### DATA
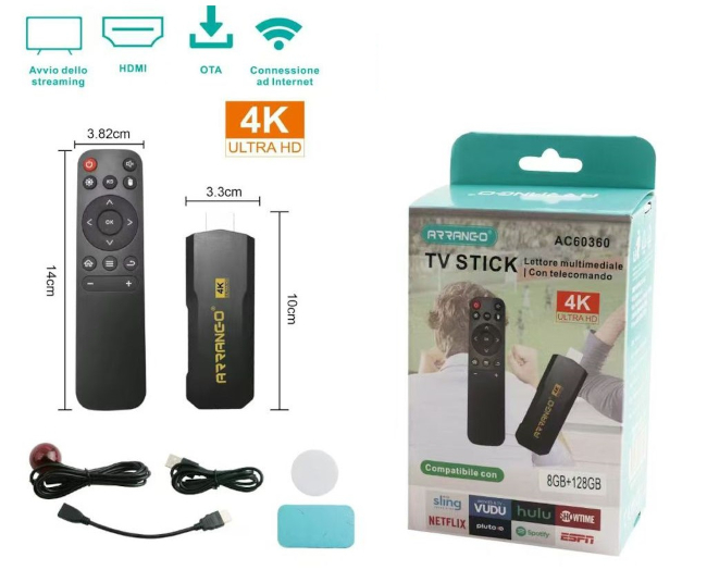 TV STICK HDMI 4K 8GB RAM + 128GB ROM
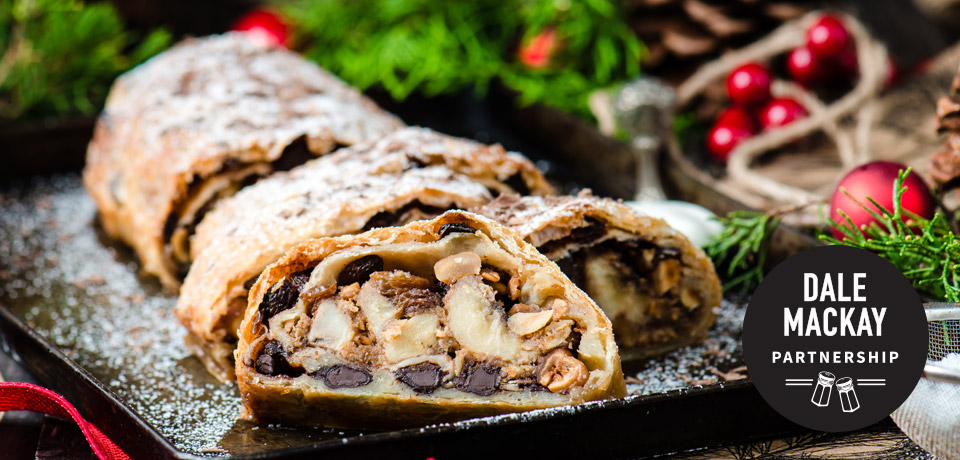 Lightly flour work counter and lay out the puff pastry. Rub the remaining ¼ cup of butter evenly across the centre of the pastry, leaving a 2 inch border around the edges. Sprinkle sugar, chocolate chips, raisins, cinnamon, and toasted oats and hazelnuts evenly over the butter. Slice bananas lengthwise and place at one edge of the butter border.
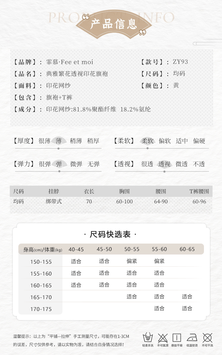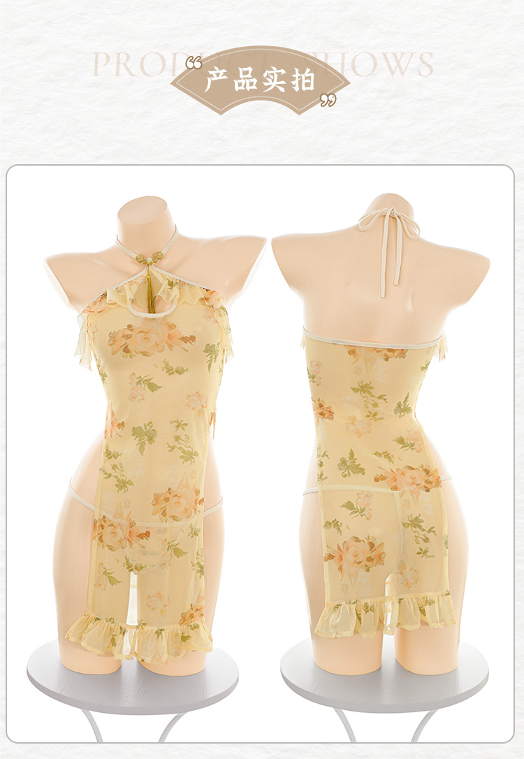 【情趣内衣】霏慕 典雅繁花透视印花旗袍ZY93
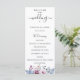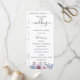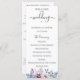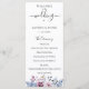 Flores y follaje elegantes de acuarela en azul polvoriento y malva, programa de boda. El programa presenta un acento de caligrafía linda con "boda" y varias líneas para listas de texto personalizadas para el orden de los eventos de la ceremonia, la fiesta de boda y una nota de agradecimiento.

### TASK
Print the material above exactly as it appears, but not its pictures.

### SOLUTION
 TV STICK HDMI 4K 8GB RAM + 128GB ROM
 Lightly flour work counter and lay out the puff pastry. Rub the remaining ¼ cup of butter evenly across the centre of the pastry, leaving a 2 inch border around the edges. Sprinkle sugar, chocolate chips, raisins, cinnamon, and toasted oats and hazelnuts evenly over the butter. Slice bananas lengthwise and place at one edge of the butter border.
 【情趣内衣】霏慕 典雅繁花透视印花旗袍ZY93
 Flores y follaje elegantes de acuarela en azul polvoriento y malva, programa de boda. El programa presenta un acento de caligrafía linda con "boda" y varias líneas para listas de texto personalizadas para el orden de los eventos de la ceremonia, la fiesta de boda y una nota de agradecimiento.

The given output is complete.